High-rent Ginza kills rats for a glamorous $150 each


April 20, 1993|By John E. Woodruff | John E. Woodruff,Tokyo Bureau

TOKYO -- Underneath all the glamour, the world's most expensive real estate has at least one thing in common with some of the world's worst neighborhoods -- rats.

That's no surprise to the man in charge of fighting rats in Tokyo's Ginza, home of the world's highest tax assessments and many of its grandest boutiques, department stores and nightclubs.

"Ginza is a glorious place with every amenity, and hundreds of thousands of people come here to enjoy tons of food and beverages every day," Keiichi Suzuki said. "Almost anything that adds to human comfort and pleasure also makes rats thrive, so a place like Ginza is going to have them."

As head of the environmental and sanitation bureau's anti-pest work in Chuo (Central) Ward, Mr. Suzuki is the man to see about rats, mosquitoes and flies in the heart of Tokyo.

After a round of complaints from residents and politicians, Mr. Suzuki is organizing his first-ever concentrated assault on rats in Ginza.

For one week in June, 144 volunteers will be split into one-day shifts of 24 each and marshaled by the four full-time Chuo Ward staffers who fight rats year-around.

Their main weapon comes from Lititz, Pa., and looks a bit old-fashioned compared with Ginza's high-tech advertising and entertainment gadgetry. It has an unfinished wooden base about five inches long, a copper-wire spring and a triangular spike.

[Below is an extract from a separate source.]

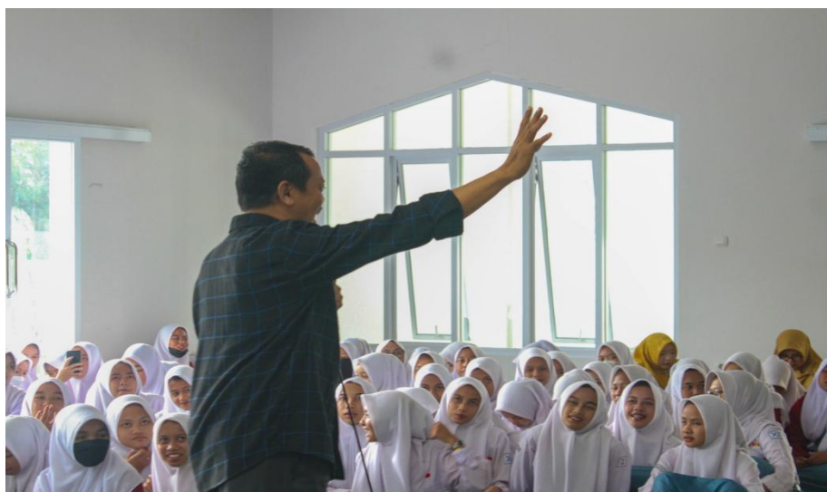
Foto sosialisasi pendidikan Pemilu di SMK N 1 Ngablak

What will go on the spike? Mr. Suzuki reached for his recipe book. Mix flour, sugar and oil with shredded tuna, cut into 2-inch cubes and stir-fry. One member of Chuo Ward's rat-fighting team doubles as rat-bait chef. He cooks up a batch every few weeks, to be set out on the 700 or so Victor-brand traps from Lititz that go into central Tokyo's sewers every month from November to April.

The Ginza attack is more ambitious.

In a single week, the staff-led volunteers will put 1,800 of the spring-operated traps in sewers and other "rat highways" under Ginza. They also will give away flypaper-like cardboard traps to shop owners and residents, clean out rat breeding places and give lessons on keeping alleys and garbage areas rat free.

Like Ginza real estate, Ginza rats may be Tokyo's most expensive.

If the one-week campaign yields the usual success rates -- two kills for every 10 spring-operated traps put out -- Ginza rats will be going down for about 17,000 yen apiece ($150), even with most of the work being done by volunteers.

With a bemused grin, Mr. Suzuki looked up from his calculator to say the 500 rats done in annually by his less intensive efforts cost a mere 5,800 yen ($51) apiece.

Neither figure includes salaries and benefits for Mr. Suzuki and -- his staff, which would greatly increase both. If they weren't fighting rats, there would be plenty of other work to keep them busy, so the ward government would still be paying them, he explained.

"We believe it's worth the cost, because in Tokyo nobody suffers these days from diseases associated with rats," Mr. Suzuki said.

Yuuji Ishimaru begs to differ.

"I think there may be as many as 100 residents still living in all of Ginza, compared with about 10,000 corporations, and apparently one of the residents complained to politicians about rats," Mr. Ishimaru said.

He is secretary-general of the Ginza Street Association, the neighborhood's equivalent of a chamber of commerce. His members are prickly about the publicity since the anti-rat campaign was announced.

"The number of rats in Ginza is extremely small, so I suppose these days if somebody sees one he gets upset and demands that the city do something," he said. "But even if you killed all of them, the whole city is interconnected underground and more will move in when the campaign is over."

Ginza's nearest neighbor, Tsukiji Market, is home to the world's biggest wholesale fish and seafood auction, he pointed out. Being Japanese, he stopped just short of saying his neighbor actually has a rat problem.

Such talk does not affect Mr. Suzuki's sense of urgency.

"One pair of rats produces 10 offspring every two months, and the offspring begin to have babies after 50 to 90 days," he said. "A female lives three years and is fertile for about 1.8 years. You can do the arithmetic yourself -- if you let up, you can lose ground very quickly."